09:30 Yes, absolutely. And I think that's kind of like the common paradigm, in particular in like a consumer application context, particularly when you start to look at like is this the business applications you end up with like, very quickly, the patterns get a lot more complex. So it could be an HR application or CRM application, or medical records application. And very quickly, what people will do in building these types of apps is they'll reach for a pattern. called roles, where they'll group a set of permissions or capabilities together, they'll lump them together into something called a role. They'll say anyone that has this role like admin or billing or duress or whatever it may be, can do these sorts of things. And then if you want to be able to do those things, you got to get assigned that role. And that's kind of like a handy thing, because it means that every time you want to make sure that someone can do those things, you don't have to repeat that work, which is kind of nice, right, but also kind of limited, because effectively, what that's doing is it's creating a sort of representing all your permissions as like a two by two, you basically have a bunch of roles on one axis, and you've got a bunch of capabilities on another axis. And the truth is that most apps don't, they're sort of like, underlying, like data model isn't a two by two, they may be, they may have all kinds of other things going on. They may have, they may want to represent hierarchical patterns, like to represent an organization, they may want to represent inheritance, they may want to represent some kind of graph. And so like, oftentimes, after you adopt a role model, let me throw it out here. And you could tell me what you think of that, like, so for example, if I'm a manager at a company, I can see my work,

11:10 right, plus my team's work exactly, right. But I don't want to see another team's work, I don't want that person to be able to see everyone's work, just the people for whom they are the manager like that scene. And then you know, how do you you can't really easily manage that setup, right?

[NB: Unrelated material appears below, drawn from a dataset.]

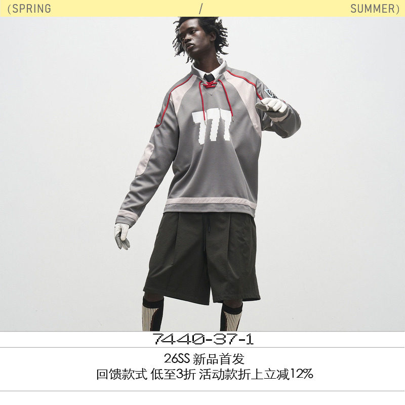 7440 37 1 「Hamin李河民同款」 777 双色穿绳拼接冰球服长袖T恤

11:25 That's a perfect example. Because that's not a role that's like a manager in that context isn't a static thing that you just assigned to someone that's kind of dynamic. based on where you sit in the org, you might be a manager of one team, you might be a VP, in which case, you're a manager of like five teams. And so it's not this thing that's assigned to you. It's more like a function of maybe some other data that sits elsewhere in your application. Yeah. So you end up having to do all kinds of crazy things to hack around the role model and make that work for your application, which is all the kinds of stuff that we see. That's where it starts to get fun.

11:59 Yeah, exactly. So that's probably means like, instead of just having, say, a decorator, or some simple if statement that says if they are a manager, there's usually like some custom logic checking in that section, right? There's like code that's been written somewhere. The checks, like basically does those things. And look says, Okay, my manager, but who do they manage and right, and so on, then all of a sudden, it's this rolls ideas sort of somewhat falls down, and you're coding in the logic into your app. Right,

12:28 right. And there's like, you know, other examples of where the sort of rolls model stops and other things begin. And you sort of have to start just adding more whatever it is, if statements, or maybe you bring the logic to some other part of the application, because that's where it makes more sense to you. But yet, the example you gave is a perfect one.

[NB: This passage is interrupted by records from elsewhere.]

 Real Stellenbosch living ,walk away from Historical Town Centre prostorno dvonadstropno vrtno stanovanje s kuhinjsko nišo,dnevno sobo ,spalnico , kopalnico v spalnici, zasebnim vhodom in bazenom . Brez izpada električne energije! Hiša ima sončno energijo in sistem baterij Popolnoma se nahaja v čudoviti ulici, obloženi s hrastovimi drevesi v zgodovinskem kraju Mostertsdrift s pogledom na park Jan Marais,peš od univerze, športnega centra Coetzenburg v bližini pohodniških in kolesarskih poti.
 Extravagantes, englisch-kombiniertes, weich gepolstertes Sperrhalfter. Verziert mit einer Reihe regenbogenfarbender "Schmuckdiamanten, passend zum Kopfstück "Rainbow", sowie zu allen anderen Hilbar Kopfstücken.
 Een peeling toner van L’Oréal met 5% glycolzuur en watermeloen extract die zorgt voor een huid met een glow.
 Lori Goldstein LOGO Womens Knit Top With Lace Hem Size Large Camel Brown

12:47 The thing about that kind of stuff that scares me is what if I forgot, right? I've got a web app with hundreds of endpoints, one of the one section is like an admin section. And if that doesn't do the proper checks, all sorts of badness is going to happen, right? Absolutely. So you put your code in that? I mean, I don't know, how do you guys feel about that? Because that I'm always like, I'm triple checking. And then I'm like, I gotta go back and check this again, like this is,

13:14 this could be bad. It's super, super common. And that's where we see we see a lot in larger organizations. That's where often like a security team will spend a large portion of their time of how security teams who have like their own little regex that they used to go and find, like every method and see if it has the piece of code they're expecting to see or they sit on every code review so that it can make sure that once not miss that for people without that kind of street team, though, then yeah, it's just a case of hope you don't forget.

13:39 Yeah, oh, you might also even do the It might also be kind of the opposite of that, which is that like, you might be good enough to include the logic everywhere. But rather than trying to sufficiently extend your like roles model to account for all the different like intricate scenarios that you're trying to properly represent, you might just say, I will just like let this person be an admin or something like that, just so that they can do the thing that they need to do inside your application. And then all of a sudden, what you end up with is all these scenarios where people or, for instance, like internal services are over provisioned, because that was the fastest way to make it possible for them to get done the thing that they needed to get done. Yeah, which can be equally painful to undo later on, or risky.

14:21 Yeah, definitely sounds risky. Like it's, it's easy to have the admin non admin flag and just go with that. But that's probably fine for like a small team. But as you grow, it's no longer gonna work. Talk Python to me is partially supported by our training courses. Do you want to learn Python, but you can't bear to subscribe to yet another service at Talk Python Training we hate subscriptions to that's where of course bundle gives you full access to the entire library of courses for one fair price. That's right. With the course bundle, you save 70% off the full price of our courses, and you own them all forever. That includes courses published At the time of the purchase, as well as courses released within about a year of the bundle, to stop subscribing and start learning at talk, python.fm, slash everything. Let's talk about some of the coding approaches in like current Python projects. And I guess I talked about one Shammi put down as like a DIY, do it yourself. And that's the, well, if we got to have managers and people for whom they manage, we've got two, which is write some code and sort of put that logic in there. And maybe you've got that overlaid on some groups, maybe give us some of the common approaches you might see in like common Python web apps.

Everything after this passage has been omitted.